Priority design patterns
Choosing priority values is a design decision that depends on your application. Here are common patterns:
Fixed tiers assign priorities by content type:
| Priority | Content type | Rationale |
|---|---|---|
| 10 | System prompt | Defines agent behavior, always needed |
| 7 | User’s question | The query must be visible to the model |
| 5 | Retrieved chunks | Supporting evidence, best-effort |
| 3 | Conversation history | Helpful but expendable |
| 1 | Disclaimers/footers | Include only if space permits |
Dynamic priorities use retrieval scores directly. When you retrieve chunks with cosine similarity scores, you can pass those scores as priorities so the most relevant chunks are included first:
cb <- context_builder(max_tokens = 500)
# System prompt gets highest priority -- always included
cb <- cb_add(cb, "You are an R expert.", priority = 10, label = "system")
# Retrieved chunks get decreasing priority by relevance score
hits <- retrieve(ret, "statistical models", k = 5)
for (i in seq_len(nrow(hits))) {
chunk_text <- hits$id[i] # or look up the original text
cb <- cb_add(cb, chunk_text, priority = hits$score[i], label = hits$id[i])
}
result <- cb_build(cb)
cat("Included:", paste(result$included, collapse = ", "), "\n")
cat("Excluded:", paste(result$excluded, collapse = ", "), "\n")

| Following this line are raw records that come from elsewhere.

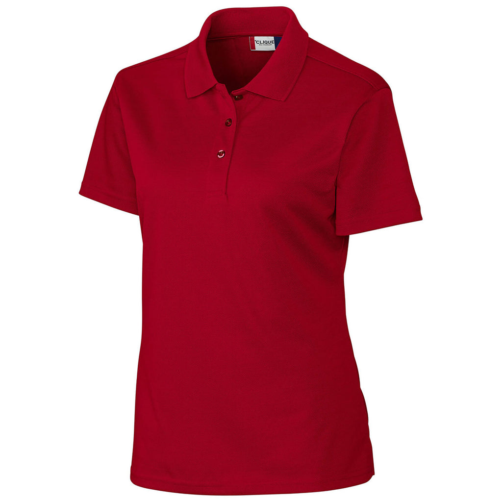 The Clique Women's Red Malmo Pique Polo is perfect for weekend wear, from the golf course to the tennis court to the shopping mall. Plus, if you add your company logo in embroidery to the front of the shirt, you have an excellent advertising item to hand out. Available in a variety of cheerful colors, this women's polo includes other exceptional features including a 100% polyester pique material, three-button placket, back half moon, and IL50 certification for durability. This polo shirt makes the perfect giveaway gift to bring to corporate events, such as golf events, recruiting events, and trade shows.Corresponding Men's Style:Clique Men's Red Malmo Pique Polo
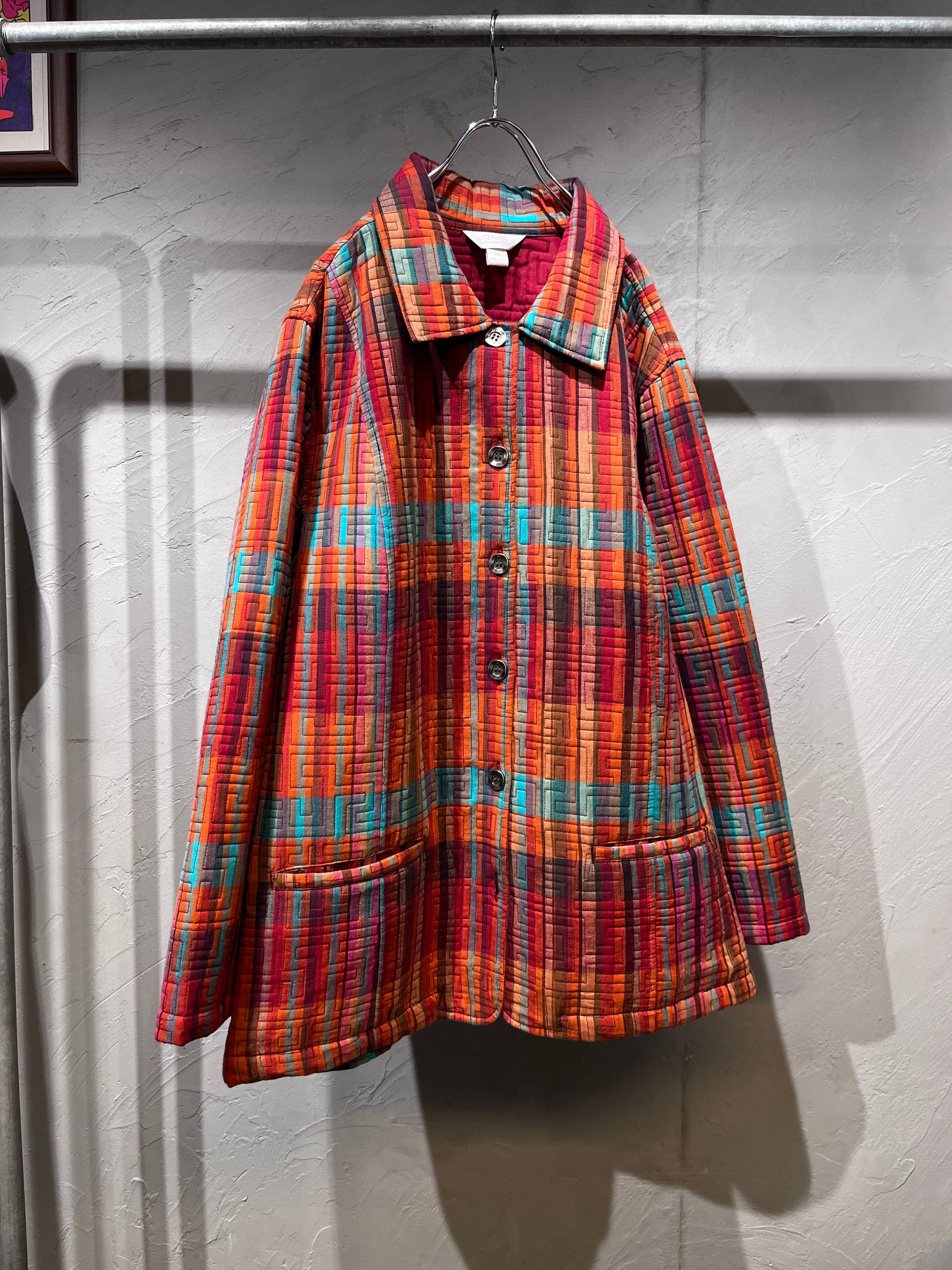 "C.J.Bank" Geometric Quilting Mulch Color Cotton Chore Jacket
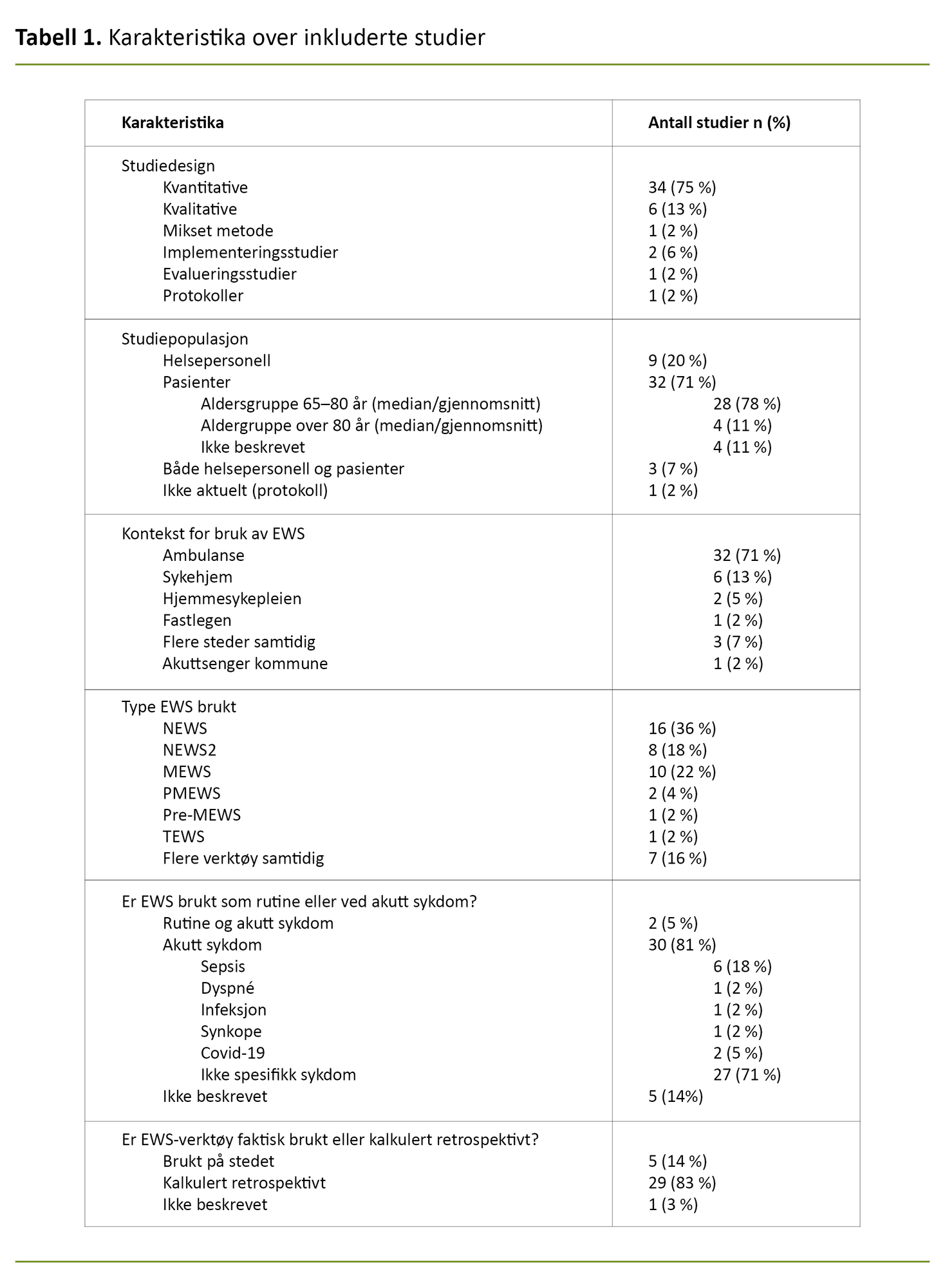 Vi identifiserte totalt 14 ulike EWS-verktøy, og mer enn halvparten av artiklene omhandlet NEWS eller NEWS2 (figur 3 og tabell 2). Kun et fåtall av studiene omhandlet faktisk bruk av verktøy (n = 5). I de fleste tilfellene var data hentet ut retrospektivt (24, 25, 27, 30, 31, 33–35, 42–62).
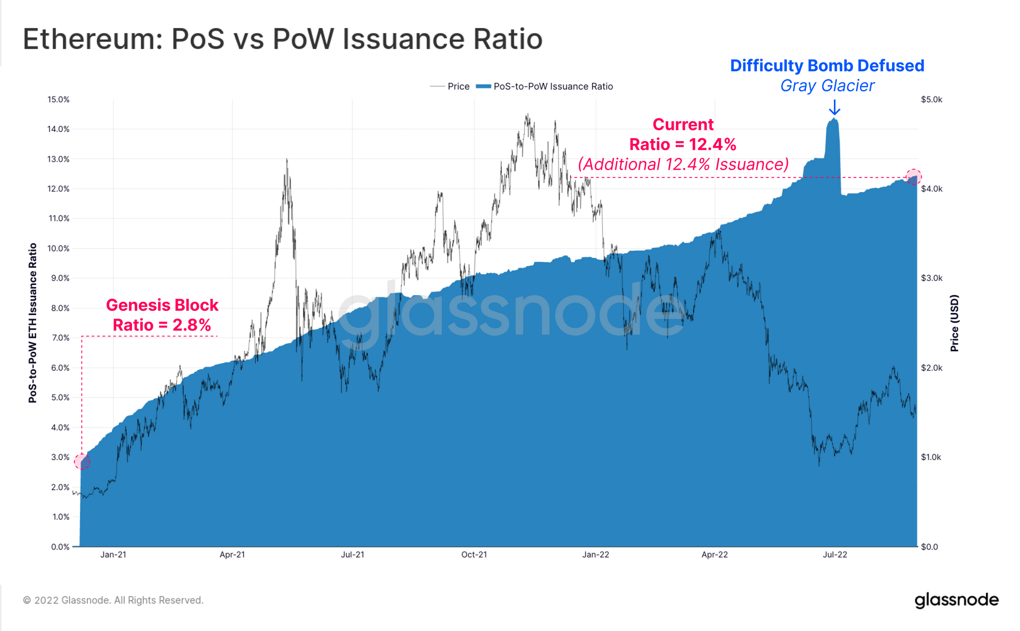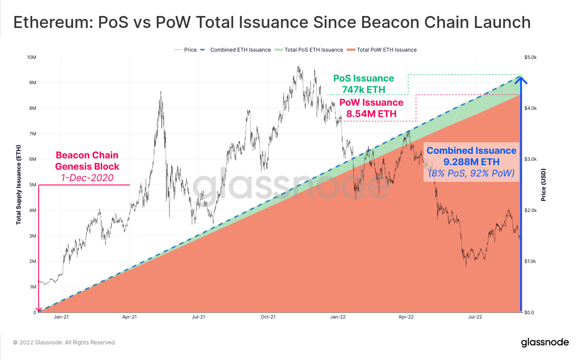 With both the PoS Beacon Chain, and the existing PoW Etheruem chains operational, the total issuance of ETH currently has two sources. Since the Beacon Chain genesis block, a total of 747k ETH has been issued on the PoS chain, and 8.54M ETH on the PoW chain. This equates to an issuance split of approximately 8% PoS vs 92% PoW.
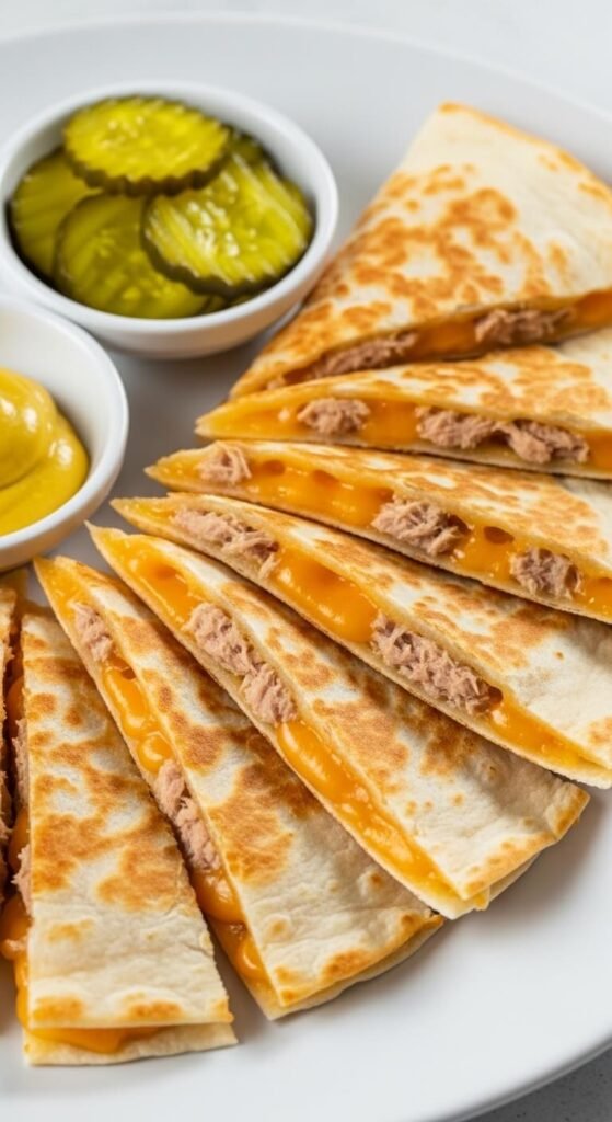 The tuna melt gets a quesadilla makeover. Mix canned tuna with a little mayo, Dijon mustard, and diced celery. Spread inside a tortilla with shredded cheddar, fold, and cook until golden. Slice into strips. It’s hearty, filling, and genuinely tasty. Budget tip: canned tuna is one of the most affordable proteins available — usually around $1 per can. One can fills two quesadillas easily. This works great as a party snack because it’s unexpected and people can’t quite place what makes it so good until you tell them.
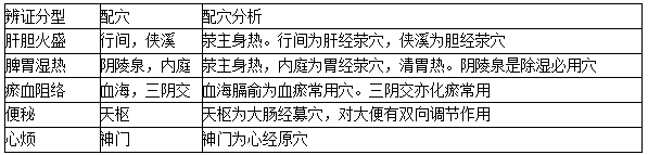 配穴:肝膽火盛配行間、俠溪;脾胃濕熱配陰陵泉、內(nèi)庭;瘀血阻絡(luò)配血海、三陰交。便秘配天樞;心煩配神門。
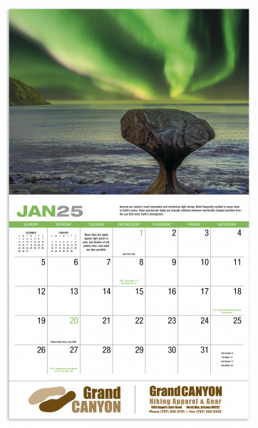 Mesmerizing weather phenomena take center stage on this 13-month calendar. The FSC® label means that the materials used for this product come from well-managed FSC®-certified forests and other controlled sources.
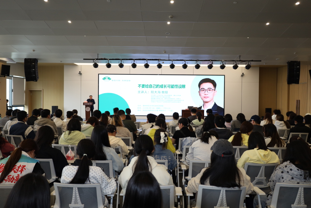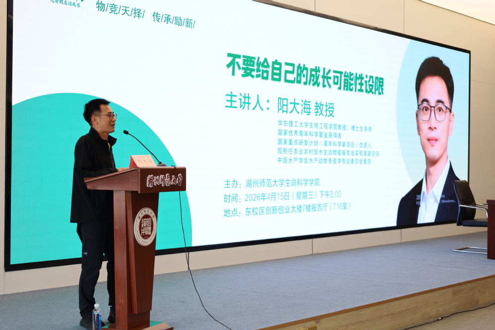 4月15日下午,湖州师范大学东校区创新创业大楼7楼报告厅内座无虚席、气氛热烈。生命科学学院举办“优秀校友话成长:不要给自己的成长可能性设限”主题讲座,特邀学院优秀校友、华东理工大学生物工程学院教授、博士生导师阳大海返校,为全院师生带来一场兼具思想深度、实践指导与情感温度的成长分享。本次讲座由学院院长王桦主持,260余名师生到场聆听、交流感悟。
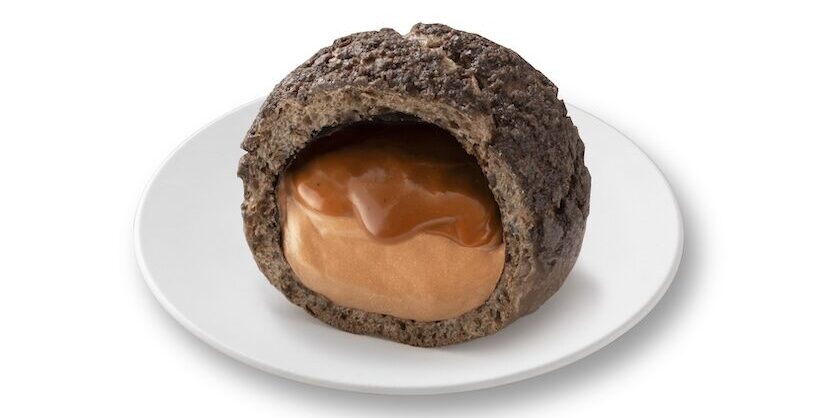 ほろ苦キャラメルソースと濃厚ショコラクリームを、クッキー生地のシューで包んだシュークリーム。重厚な余韻が楽しめる一品。※数量限定
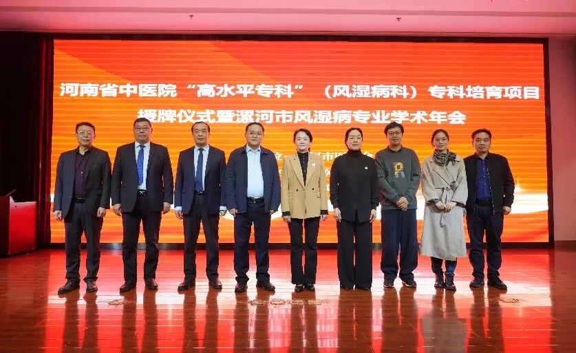 河南省中醫(yī)院風(fēng)濕科主任孟慶良教授、漯河市衛(wèi)健委副主任于宏、漯河市醫(yī)學(xué)會秘書長花云,漯河醫(yī)專二附院院長王齊超、副院長吳廣良、紀(jì)委書記劉國鋒等出席會議。
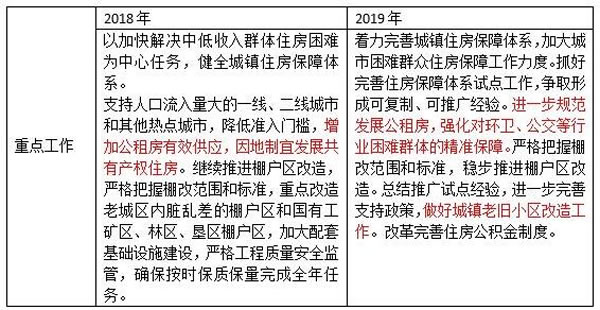 解讀:與2018年相比,此次會議中將租賃住房分成了市場化租賃和政策性租賃兩個領(lǐng)域。其中,政策性租賃住房首次提到。
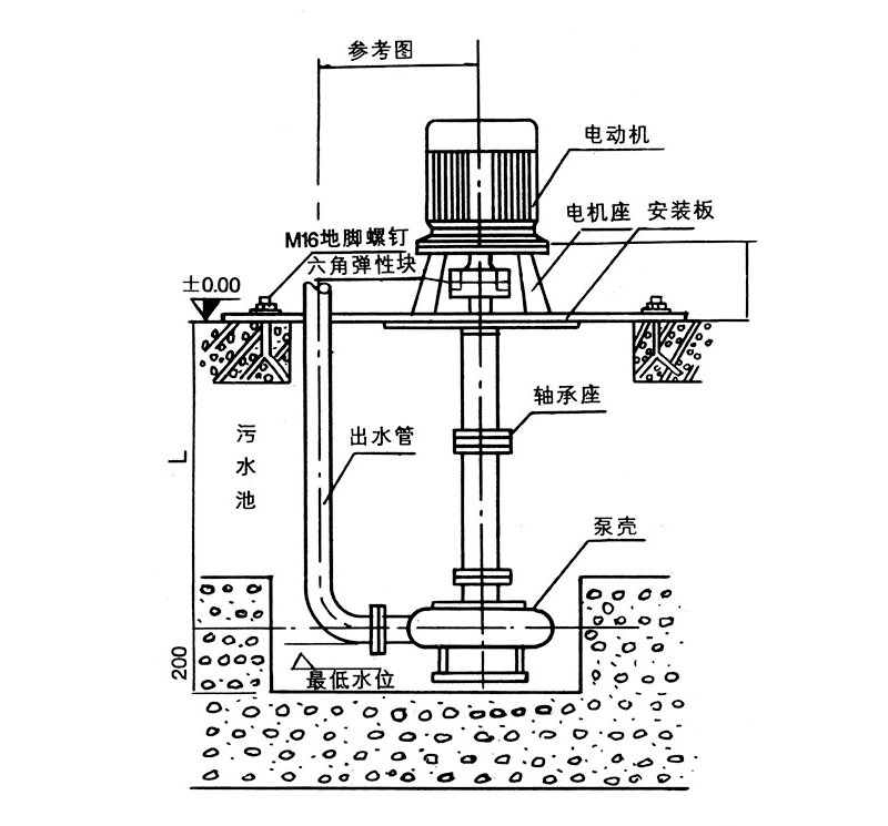 本泵可垂直或傾斜使用,占地面積小,蝸殼需埋在工作介質中工作,容易啟動,不需引水,旋轉方向應從電機尾部看是順時針方向工作。
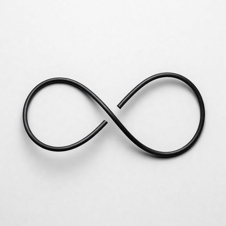 art, black, concept, continuity, creativity, design, endless, graphics, illustration, infinity, loop, minimalist, object, outline, rubber, shape, simplicity, surface, symbol, white
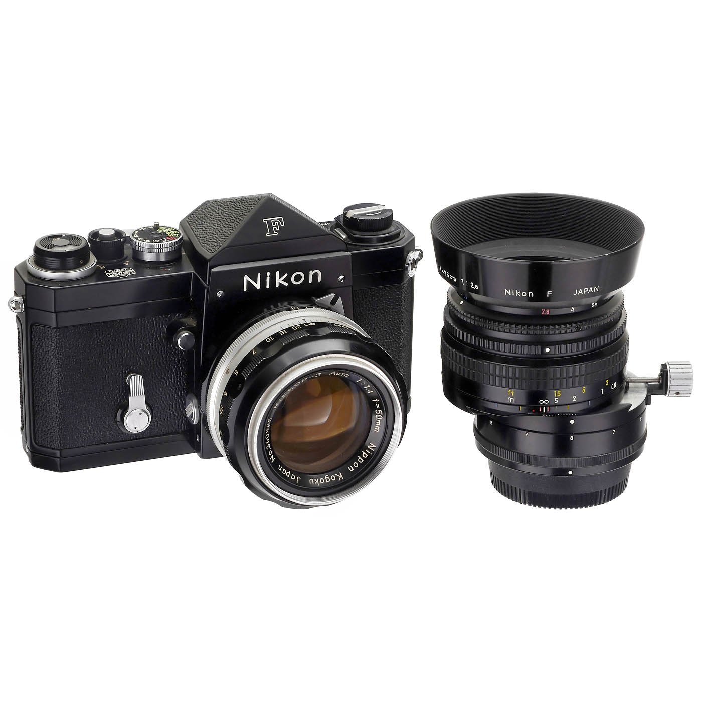 Nippon Kogaku, Japan. 1) Nikon F, no. 6755717, black housing is in excellent condition, baseplate with signs of wear. The prism viewfinder with rectangular viewfinder eyepiece is a sought-after component. (3+/3+) - 2) PC-Nikkor 2.8/35 mm, no. 900808, shift lens with metal 2.8/3.5 cm lens hood and back and front caps, unusually good condition, optics clean under point light. (2-/2) - And: 3) Nikkor-S 1.4/50 mm no. 360985, early example still with "Nippon Kogaku" designation, triangular aperture holder and feet scale, optics clean under point light with only faint traces of cleaning marks on the rear element. (3/3)
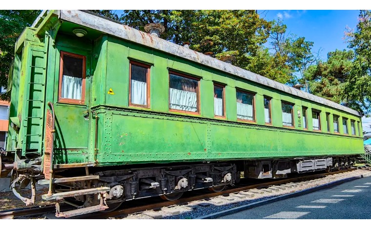 【斯大林专列】斯大林博物馆的庭院中陈列着斯大林专列的绿色车厢,有防弹玻璃和装甲层。当年斯大林就是坐着它去参加德黑兰会议、雅尔塔会议和波兹坦会议的。斯大林逝世后,这辆专列停在俄罗斯的罗斯托夫火车站,1985年二战胜利40周年,转移到了哥里斯大林博物馆。

cat("Total tokens:", result$total_tokens, "\n")Resetting between turns
In a multi-turn conversation, you typically rebuild the context for
each turn – the retrieved chunks change, the conversation history grows,
and the system prompt may be updated. Use cb_reset() to
clear all items and reuse the same builder without re-specifying the
token budget.
cb2 <- cb_reset(cb)
cb2 <- cb_add(cb2, "New system prompt.", priority = 10, label = "system_v2")
result2 <- cb_build(cb2)
cat("After reset -- included:", paste(result2$included, collapse = ", "), "\n")This avoids the overhead of creating a new builder object each turn and makes intent clear: this is a fresh context assembly for a new turn.
The context_for_chat() shortcut
For the common case of “retrieve chunks and build a context string,”
context_for_chat() combines both steps in a single call. It
retrieves the top-k chunks from a retriever and packs them into a
token-limited string.
result <- context_for_chat(ret, "statistics", max_tokens = 2000)
cat(result$context)Under the hood, this creates a context builder, adds each retrieved chunk with its similarity score as the priority, and returns the built result. It is a convenience wrapper; when you need more control (e.g., adding a system prompt or conversation history alongside retrieved chunks), use the builder directly.